A total of 1188 radiomics features were extracted for each patient using AK software. The details of all radiomics features are described in Supplementary Materials II. Firstly, 871 robust features were subjected using analysis of variance to preliminarily exclude the superfluous features, following which 559 radiomics features were retained. Then, minimum redundancy-maximum relevance algorithm was performed to eliminate the redundant and irrelevant radiomics features, following which 68 features were retained. Finally, the gradient boosting decision tree algorithm was used to reduce the dimension of the remaining features to select the most powerful radiomics feature subset, leading to retention of 14 features. Details of the remaining radiomics features are shown in Supplementary Materials III. We performed logistic regression analysis of these residual radiomics features to establish the radiomics model. Thereafter, we calculated the radiomics score (rad-score) for each patient. Details of the rad-score are shown in Supplementary Materials IV.

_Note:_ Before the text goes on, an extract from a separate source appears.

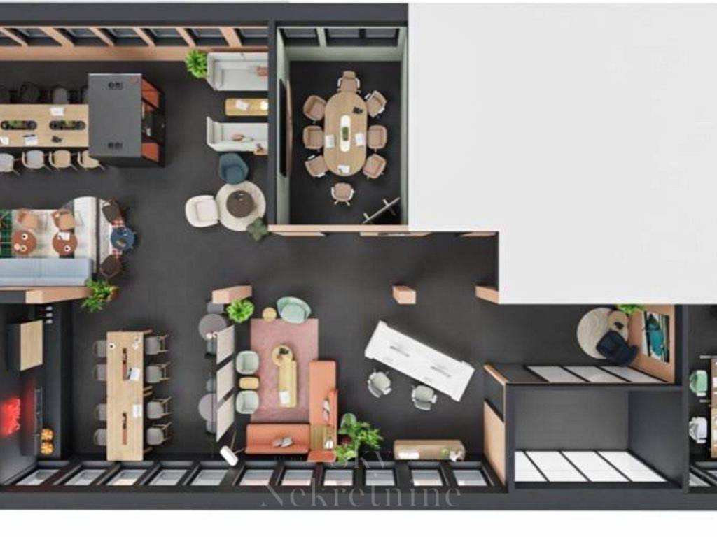 U ponudi je veći uredski prostor namijenjen za tim do 16 osoba. Ured je opremljen visokokvalitetnim Haworth ergonomskim namještajem i spreman za useljenje bez dodatnih ulaganja.

Evaluation of PI-RADS v2.1 and Radiomics Model

The diagnostic performance of PI-RADS v2.1 and radiomics model was evaluated using the receiver operative characteristic (ROC) curve analysis. The area under the curve (AUC), sensitivity, specificity, positive predictive value (PPV), and negative predictive value (NPV) were calculated in the training group, testing group, and the entire cohort, respectively. Respective AUC values were compared using the DeLong method to determine any significant difference. The agreement between radiomics model-predicted and expected probabilities was assessed using calibration curves and Hosmer–Lemeshow test. The clinical usefulness and the benefits of the radiomics model were evaluated using decision curve analysis (DCA). Five-fold cross-validation was also utilized for radiomics model evaluation. Finally, we used ROC curves to verify the predictive ability of radiomics model for lesions with different PI-RADS v2.1 score assigned by Radiologist A and Radiologist B, respectively. The radiomics workflow is shown in Fig. 6.

Figure 6
figure 6

The radiomics workflow.

Statistical analyses

Statistical analyses were performed using the SPSS software (version 24.0), MedCalc software (version 17.9.4), and R software (version 3.6.2). Normally distributed continuous variables with homogeneous variance are expressed as mean ± standard deviation and between-group differences assessed using independent sample t test. Non-normally distributed continuous variables are presented as median (interquartile range) and between-group differences assessed using Mann–Whitney U test. Categorical variables are presented as frequencies and between-group differences assessed using Pearson’s Chi-squared test or Fisher’s exact test. Two-sided P values < 0.05 were considered indicative of statistical significance.

Ethics declarations

The study was approved by the institutional review board and the Zhejiang Provincial People’s Hospital ethics committee. This study was conducted in accordance with the relevant guidelines, national legislation and the institutional requirements. Written informed consent for participation was not required for this study in accordance with the national legislation and the institutional requirements.